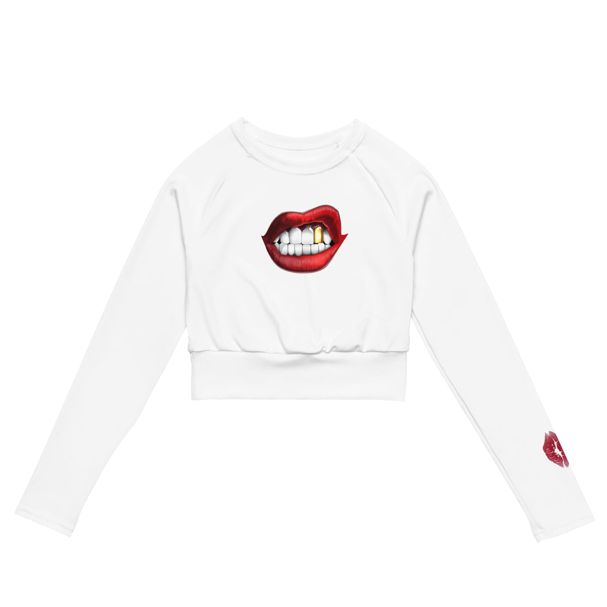 The BOSS Kiss Print Long-Sleeve Crop Top - White
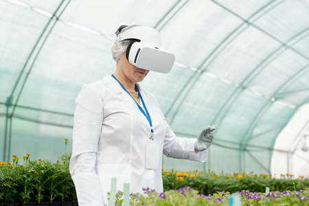 Farmer or researcher in vr headset standing in front of flower seedlings during new scientific experimentation
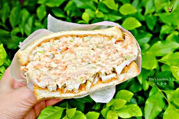 塗抹上花生醬的兩片吐司,裏頭包夾著幾乎是藏不住的鮪魚、高麗菜絲、洋蔥、紅蘿蔔、以及芹菜(完全意想不到!),
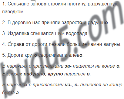 1. Сельчане занов.. строили плотину, разрушенную паводком. 2. В деревне нас приняли запрост.. и радушн.. . 3. Издалек.. слышался шум водопада. 4. Справ.. от дороги лежали большие камни-валуны. 5. Дорога крут.. сворачивала влев.. .

WHAT NEEDS TO BE DONE
Exactly as written, set down the lines from the line holding "塗抹上花生醬的兩片吐司,裏頭" to the last line of the data, both ends included, pictures excluded.

ANSWER BOX
 塗抹上花生醬的兩片吐司,裏頭包夾著幾乎是藏不住的鮪魚、高麗菜絲、洋蔥、紅蘿蔔、以及芹菜(完全意想不到!),
 1. Сельчане занов.. строили плотину, разрушенную паводком. 2. В деревне нас приняли запрост.. и радушн.. . 3. Издалек.. слышался шум водопада. 4. Справ.. от дороги лежали большие камни-валуны. 5. Дорога крут.. сворачивала влев.. .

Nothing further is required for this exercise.